To mitigate these conditions and to meet the Company’s capital requirements, management plans to use its current cash on hand along with some combination of the following: (i) financings, (ii) out-licensing, strategic alliances/collaborations or sale of our pipeline assets, and (iii) federal and/or private grants. If the Company raises additional funds through collaborations, strategic alliances or licensing arrangements with third parties, the Company might have to relinquish valuable rights to its technologies, future revenue streams, research programs or product candidates. Subject to limited exceptions, the Loan Agreement (as defined in Note 9) prohibits the Company from incurring certain additional indebtedness, making certain asset dispositions, and entering into certain mergers, acquisitions or other business combination transactions without the prior consent of the lenders. Additionally, the Loan Agreement contains certain covenants and certain other specified events, including a material adverse change in the business, that could result in an event of default, which if not cured or waived, could result in the immediate acceleration of all or a substantial portion of the outstanding Notes. If the AVTX-002 PEAK trial, for which we expect topline data in the second quarter of 2023, does not have a positive data readout, it may result in a material adverse change in the business. As of the filing date of this Quarterly Report on Form 10-Q, the Company was not aware of any breach of covenants or occurrence of material adverse change, nor had it received any notice of event of default from the lenders (refer to Note 9 for more information).

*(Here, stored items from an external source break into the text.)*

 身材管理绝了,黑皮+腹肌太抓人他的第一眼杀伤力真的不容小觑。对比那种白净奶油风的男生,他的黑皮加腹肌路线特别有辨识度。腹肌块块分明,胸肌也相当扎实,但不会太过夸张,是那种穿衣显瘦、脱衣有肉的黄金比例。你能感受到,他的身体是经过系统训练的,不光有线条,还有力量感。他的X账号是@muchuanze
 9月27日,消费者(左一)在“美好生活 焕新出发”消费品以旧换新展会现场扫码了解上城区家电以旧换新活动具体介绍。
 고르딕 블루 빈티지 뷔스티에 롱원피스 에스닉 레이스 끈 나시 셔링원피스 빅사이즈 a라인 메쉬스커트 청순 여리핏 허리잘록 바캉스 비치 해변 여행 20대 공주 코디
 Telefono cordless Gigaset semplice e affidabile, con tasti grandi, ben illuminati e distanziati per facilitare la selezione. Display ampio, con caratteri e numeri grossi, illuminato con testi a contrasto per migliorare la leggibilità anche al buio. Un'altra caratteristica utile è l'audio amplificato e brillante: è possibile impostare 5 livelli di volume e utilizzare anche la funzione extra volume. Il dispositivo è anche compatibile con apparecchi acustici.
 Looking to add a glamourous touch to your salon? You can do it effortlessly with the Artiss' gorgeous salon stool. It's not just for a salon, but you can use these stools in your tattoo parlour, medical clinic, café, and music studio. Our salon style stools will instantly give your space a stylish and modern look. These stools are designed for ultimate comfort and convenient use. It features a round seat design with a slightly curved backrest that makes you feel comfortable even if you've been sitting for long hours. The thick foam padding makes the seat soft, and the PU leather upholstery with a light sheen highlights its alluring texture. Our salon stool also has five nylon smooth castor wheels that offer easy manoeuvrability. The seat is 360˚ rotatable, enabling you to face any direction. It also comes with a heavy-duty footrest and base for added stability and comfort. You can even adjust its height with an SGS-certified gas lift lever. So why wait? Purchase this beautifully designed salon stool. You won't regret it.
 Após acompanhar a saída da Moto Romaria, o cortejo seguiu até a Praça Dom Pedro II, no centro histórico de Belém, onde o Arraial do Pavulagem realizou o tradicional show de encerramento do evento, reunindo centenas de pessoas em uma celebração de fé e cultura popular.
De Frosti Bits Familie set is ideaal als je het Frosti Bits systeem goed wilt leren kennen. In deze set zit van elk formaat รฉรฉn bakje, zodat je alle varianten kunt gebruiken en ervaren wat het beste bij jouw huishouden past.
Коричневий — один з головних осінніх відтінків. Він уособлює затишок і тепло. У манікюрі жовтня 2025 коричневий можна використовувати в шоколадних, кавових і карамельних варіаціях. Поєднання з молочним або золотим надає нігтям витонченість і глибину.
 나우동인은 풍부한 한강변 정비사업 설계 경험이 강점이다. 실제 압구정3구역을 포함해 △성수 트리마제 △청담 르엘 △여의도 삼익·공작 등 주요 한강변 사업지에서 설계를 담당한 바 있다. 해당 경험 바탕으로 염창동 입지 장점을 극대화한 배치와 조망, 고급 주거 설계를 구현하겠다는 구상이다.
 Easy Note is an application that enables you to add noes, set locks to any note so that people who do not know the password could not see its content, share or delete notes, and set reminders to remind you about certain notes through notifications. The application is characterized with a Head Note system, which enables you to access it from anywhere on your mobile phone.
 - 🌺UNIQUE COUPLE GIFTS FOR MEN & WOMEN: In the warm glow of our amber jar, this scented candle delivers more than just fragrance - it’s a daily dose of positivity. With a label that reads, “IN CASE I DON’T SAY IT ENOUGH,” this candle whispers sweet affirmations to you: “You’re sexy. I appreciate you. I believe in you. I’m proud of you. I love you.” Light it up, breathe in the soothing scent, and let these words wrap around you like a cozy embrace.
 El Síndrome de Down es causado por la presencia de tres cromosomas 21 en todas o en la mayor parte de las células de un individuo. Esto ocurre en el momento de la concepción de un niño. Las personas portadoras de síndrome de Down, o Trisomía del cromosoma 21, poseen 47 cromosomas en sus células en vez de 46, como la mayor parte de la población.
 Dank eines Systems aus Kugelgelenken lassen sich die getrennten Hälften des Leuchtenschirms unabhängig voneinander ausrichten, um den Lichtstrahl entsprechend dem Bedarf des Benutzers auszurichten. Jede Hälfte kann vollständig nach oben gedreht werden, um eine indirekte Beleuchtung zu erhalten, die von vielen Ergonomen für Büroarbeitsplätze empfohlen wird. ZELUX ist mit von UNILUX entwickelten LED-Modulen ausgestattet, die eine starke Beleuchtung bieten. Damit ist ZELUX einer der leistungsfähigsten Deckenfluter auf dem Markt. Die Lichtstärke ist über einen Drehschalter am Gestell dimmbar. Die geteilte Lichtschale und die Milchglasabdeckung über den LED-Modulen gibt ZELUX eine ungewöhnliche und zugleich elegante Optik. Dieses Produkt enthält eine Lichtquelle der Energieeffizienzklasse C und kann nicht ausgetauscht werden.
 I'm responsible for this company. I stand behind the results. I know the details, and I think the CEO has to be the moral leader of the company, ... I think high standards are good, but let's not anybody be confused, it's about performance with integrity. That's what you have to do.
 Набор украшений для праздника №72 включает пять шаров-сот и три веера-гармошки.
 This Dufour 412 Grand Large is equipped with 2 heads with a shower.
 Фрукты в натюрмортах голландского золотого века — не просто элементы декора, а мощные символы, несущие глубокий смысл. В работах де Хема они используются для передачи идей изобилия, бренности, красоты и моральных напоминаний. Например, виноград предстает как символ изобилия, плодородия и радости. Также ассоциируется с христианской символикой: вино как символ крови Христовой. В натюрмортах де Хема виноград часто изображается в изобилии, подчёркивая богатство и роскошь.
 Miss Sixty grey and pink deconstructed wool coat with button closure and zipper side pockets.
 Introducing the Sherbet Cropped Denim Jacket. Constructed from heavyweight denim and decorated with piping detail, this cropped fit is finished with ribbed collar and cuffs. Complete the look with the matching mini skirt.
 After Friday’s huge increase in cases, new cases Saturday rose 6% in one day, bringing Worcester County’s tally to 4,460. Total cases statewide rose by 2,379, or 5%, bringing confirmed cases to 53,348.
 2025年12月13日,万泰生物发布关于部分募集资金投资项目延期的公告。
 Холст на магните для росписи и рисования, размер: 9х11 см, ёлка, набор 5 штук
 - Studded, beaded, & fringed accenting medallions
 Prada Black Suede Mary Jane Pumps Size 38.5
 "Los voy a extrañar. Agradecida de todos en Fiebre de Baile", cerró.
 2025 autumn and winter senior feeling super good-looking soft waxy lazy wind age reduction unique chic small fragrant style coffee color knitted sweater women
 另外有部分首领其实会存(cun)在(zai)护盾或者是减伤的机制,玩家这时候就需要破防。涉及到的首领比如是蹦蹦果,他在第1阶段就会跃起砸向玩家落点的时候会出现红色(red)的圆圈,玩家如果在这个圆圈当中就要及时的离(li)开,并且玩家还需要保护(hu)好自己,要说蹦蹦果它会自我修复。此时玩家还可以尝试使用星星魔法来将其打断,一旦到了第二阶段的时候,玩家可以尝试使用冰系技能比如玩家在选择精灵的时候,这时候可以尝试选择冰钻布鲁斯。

If the Company requires but is unable to obtain additional funding, the Company may be forced to make reductions in spending, delay, suspend, reduce or eliminate some or all of its planned research and development programs, or liquidate assets where possible. Due to the uncertainty regarding future financing and other potential options to raise additional funds, management has concluded that substantial doubt exists with respect to the Company’s ability to continue as a going concern within one year after the date that the financial statements in this Quarterly Report on Form 10-Q were issued. Over the long-term, the Company’s ultimate ability to achieve and maintain profitability will depend on, among other things, the development, regulatory approval, and commercialization of its pipeline assets, and the potential receipt and sale of any priority review vouchers it receives.